4. Историческая наука и историчность. – Видно, в каком направлении двигался Р. Арон; он выражал достаточно хорошо то, что мы назвали бы правым флангом феноменологии. И хотя его работа не сопоставима с уже цитированной книгой Моннро, он подвергает историю – посредством вдохновлявшего его интеллектуального стремления – редукции, которая сопоставима с той, которая представлена в этой социологической работе. Очевидно, что механическая интерпретация Истории должна быть отброшена; но не менее очевидно, что метод постижения необходимо не продолжается в философской системе.

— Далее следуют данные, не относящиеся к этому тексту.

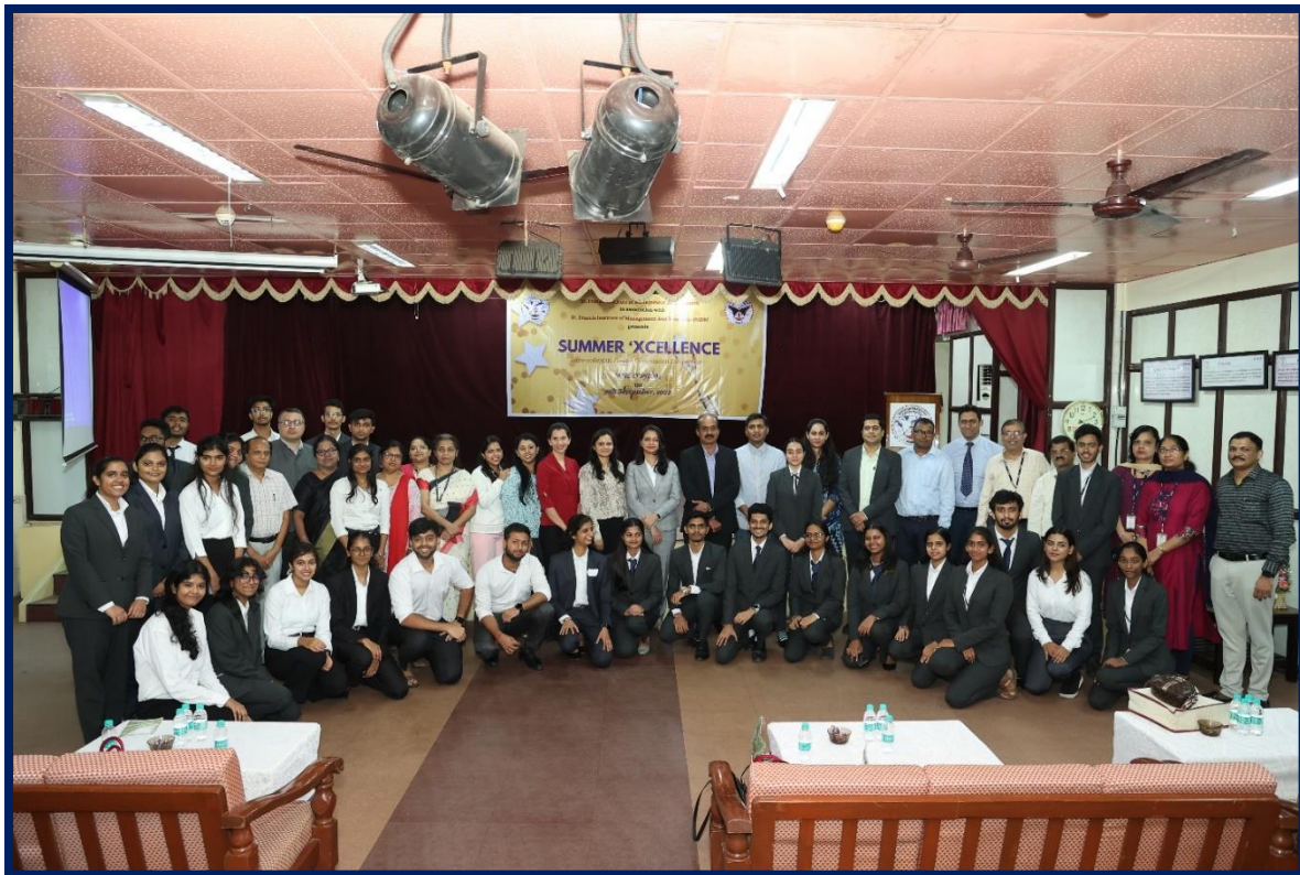
Team of Participants and Event Coordinators
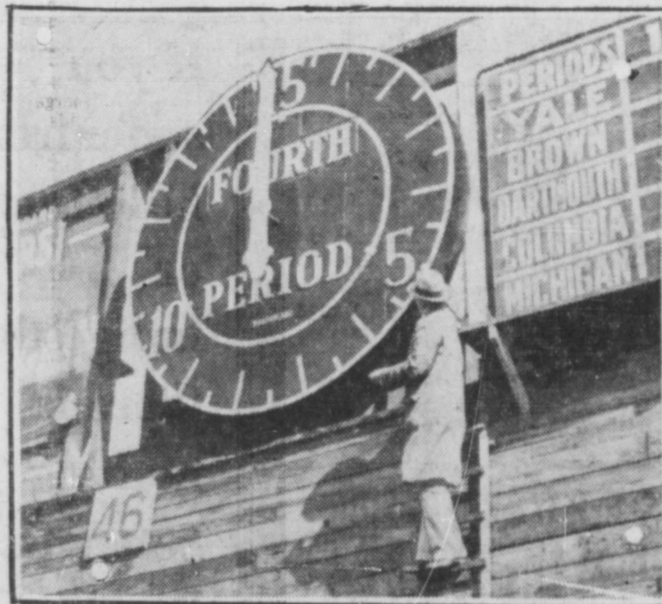
View of clock at Harvard stadium, Cambridge, Mass., to show time of play of spectators. It is the first electrical timing device in history of American football. Dial of the clock is ten feet in diameter
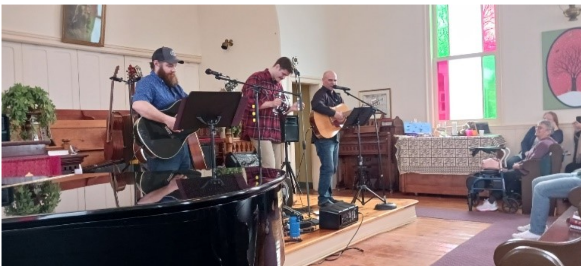
Music Sunday in Kilbride.
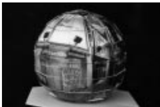
Times Square 2000, PhotoGlobe

I tell visual stories through my photoglobes. My goal is to recreate reality in two and three-dimensional panoramic collages composed of multiple photographs.
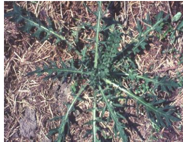
Bull Thistle (B)
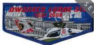
[ ] S37 2009
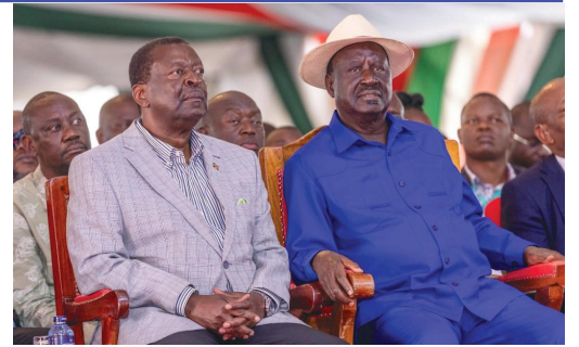
Politics: Mudavadi: Devolution Must Embrace The Aspirations Of The Youth P.11
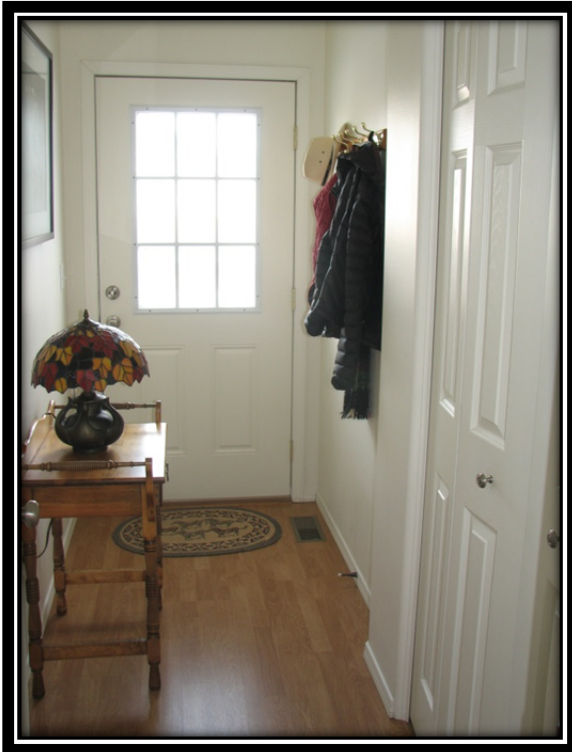
Laundry - Door to Back Yard Deck
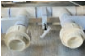
Heat pump ready
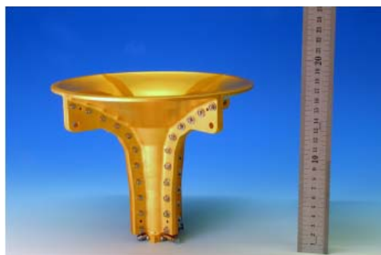
Fig. 2 Prototype of QRFH feed for SKA band B

The basic configuration of the Eleven feed is a pair of dipole over a ground plane. For UWB performance, a pair of the cascaded folded dipole array is employed for one polarization so there are two such pairs of arrays for dual polarization. Fig. 1 shows different versions of the Eleven feeds. The main advantages of the Eleven feed compared to the alternative UWB feeds are the nearly constant beamwidth and the fixed phase center location. Furthermore, the Eleven feed is one of the most compact decade-bandwidth feeds for reflectors.
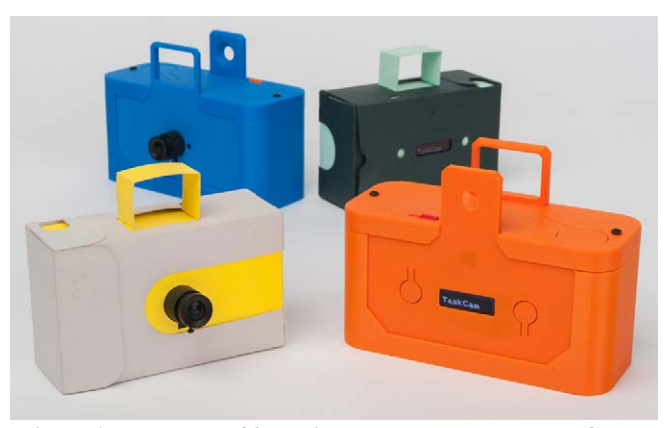
Figure 1: Examples of 3D-printed and paper-clad TaskCams.

At the same time, through their design as well as instructions, videos, and advice on an associated website (www.probetools.net), TaskCams serve as a new means for disseminating a design-led methodology for understanding users and their settings. They are the first in a planned
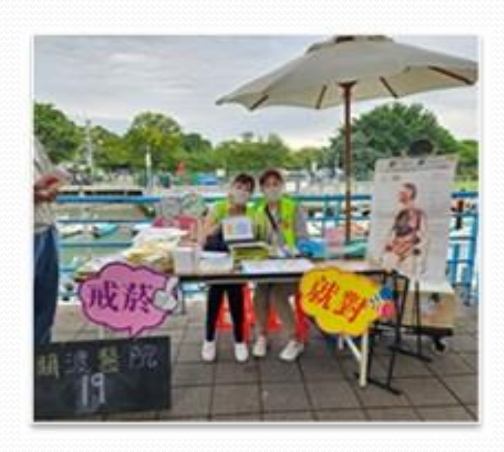
Gandau Festival and Smoking Cessation Promotion

Без сомнения, отсутствие людей, которые населяли бы изучаемое историком Mitsein, ставит более сложную задачу, чем задача этнологии. Тем не менее оказывается, что синхронизм рассматриваемой исторической «эпохи» заключает в себе смысл, подлежащий пониманию, без чего не было бы самой человеческой истории. Конечно, необходимо, чтобы в некотором роде этот смысл нас домогался, чтобы, следовательно, была некая первичная коммуникация этой эпохи с нашей эпохой и нами самими, некое соучастие; и в принципе первичная коммуникация гарантирует возможность постижения этого прошлого. В общем Р. Арон, вслед за Дильтеем, настаивал на прерывистости становления, поскольку в момент завершения, в момент перехода одного периода к другому, движение постигающей мысли затруднено. Необходимо, чтобы историк использовал некую совокупность понятий, которые он проектирует на прошлое вслепую, ожидая реакции, наподобие проводящему опыт химику. Но эта прерывистость не существует, поскольку есть история, т. е. постоянное воспроизведение своего прошлого людьми и протенция по направлению к будущему. Устранять историческое постоянство, это отрицать, что есть смысл в становлении, и не потому, что люди мыслят этот смысл или производят системы смысла истории, но потому, что люди внутренне его проживают, и проживают его, совместно его раскрывая.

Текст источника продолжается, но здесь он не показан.